Desde o início da trajetória pública de Donald Trump, ficou claro que sua natureza autoritária e a propensão ao abuso de poder eram evidentes. Suas declarações chocantes, como a frase em que afirmou que poderia “atirar em alguém no meio da Quinta Avenida e não perder votos”, revelam não apenas uma desconexão com os valores tradicionais da política americana, mas também um desdém explícito pela moralidade e pelas consequências de seus atos. Essa postura transgride os limites do aceitável no debate público do século XXI, especialmente quando comparada aos padrões de líderes históricos como Jefferson ou Lincoln, que valorizavam a virtude e a integridade como fundamentos do exercício do poder.

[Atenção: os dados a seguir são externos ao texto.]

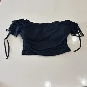 The tie sleeves introduce a playful touch to this versatile top, ideal for amplifying a night-out ensemble or a casual brunch look with friends.

Trump personificou uma figura política que celebra a ganância e a brutalidade como ferramentas para a conquista e manutenção do poder. Seu livro, The Art of the Deal, expressa claramente a ideia de que “não se pode ser ganancioso demais”, um contraste gritante com a tradição de moderação e responsabilidade que marcava o conservadorismo clássico. Durante seu mandato, suas ações e discursos serviram para minar instituições democráticas, incitar violência e desacreditar a imprensa, que ele rotulava como “inimiga do povo”. Esse comportamento não apenas expôs uma inclinação autoritária, mas também incentivou uma cultura de lealdade cega, mais preocupada com o poder e a proteção do líder do que com a defesa de princípios políticos ou ideológicos.

Essa dinâmica ficou evidente no comportamento de muitos membros do Partido Republicano, que, apesar de inicialmente denunciarem Trump por suas falas e atitudes controversas, acabaram por se alinhar a ele em nome da conveniência política e da manutenção de seus próprios cargos. Políticos como Ted Cruz e Lindsey Graham ilustram essa transformação, passando de críticos ferrenhos a apoiadores fervorosos, mesmo quando isso implicava ignorar princípios éticos básicos. Tal comportamento revela o funcionamento perverso da bajulação política, que prioriza a sobrevivência dentro do sistema e a preservação do poder a qualquer custo.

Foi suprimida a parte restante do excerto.